[
https://issues.apache.org/jira/browse/IGNITE-12894?page=com.atlassian.jira.plugin.system.issuetabpanels:comment-tabpanel&focusedCommentId=17099638#comment-17099638
]
Mikhail Petrov commented on IGNITE-12894:
-----------------------------------------
[~daradurvs],
Frankly, I didn't understand what it means to "resend request". Do you mean
that [closure
invocation|https://github.com/apache/ignite/blob/8cba313c9961b16e358834216e9992310f285985/modules/core/src/main/java/org/apache/ignite/internal/processors/service/GridServiceProxy.java#L186]?
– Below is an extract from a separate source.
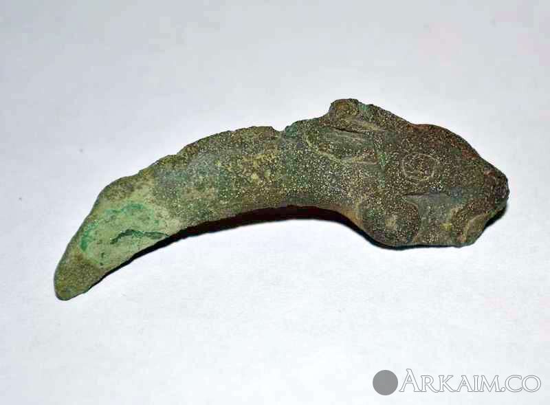 Ременная бляшка в виде клыка переходящего в голову зайца, 5 см. Черкасская обл.

If so, it will be called in the busy-wait loop only if returned by
IgniteServiceProcessor#serviceTopology topology snapshot is stale(requested
service is not deployed on a node which was obtained from the topology). So, in
this case, we will "resend request" until full message will be received and
topology updated.
At the moment I am only concerned about the case when serviceProxy method was
invoked when the requested service topology was not initialized on local node
yet(first full message with topology for requested service was not received but
service was already registered)
I propose to block IgniteServiceProcessor#serviceTopology method call in this
case and wait for the full message receiving. And only after that return
topology snapshot to the GridServiceProxy which will determine the node-holder
for the requested service. So for this case, we will wait "for a change of
service topology on Ignite node without resending of request".
Am I missing something?
Here is draft PR – [1]. Could you please take a look?
[1] - [https://github.com/apache/ignite/pull/7771]
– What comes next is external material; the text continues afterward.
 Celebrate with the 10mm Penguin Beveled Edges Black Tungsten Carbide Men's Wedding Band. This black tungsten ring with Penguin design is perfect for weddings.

> Cannot use IgniteAtomicSequence in Ignite services
> --------------------------------------------------
>
> Key: IGNITE-12894
> URL: https://issues.apache.org/jira/browse/IGNITE-12894
> Project: Ignite
> Issue Type: Bug
> Components: compute
> Affects Versions: 2.8
> Reporter: Alexey Kukushkin
> Assignee: Mikhail Petrov
> Priority: Major
> Labels: sbcf
> Time Spent: 10m
> Remaining Estimate: 0h
>
> h2. Repro Steps
> Execute the below steps in default service deployment mode and in
> discovery-based service deployment mode.
> Use {{-DIGNITE_EVENT_DRIVEN_SERVICE_PROCESSOR_ENABLED=true}} JVM option to
> switch to the discovery-based service deployment mode.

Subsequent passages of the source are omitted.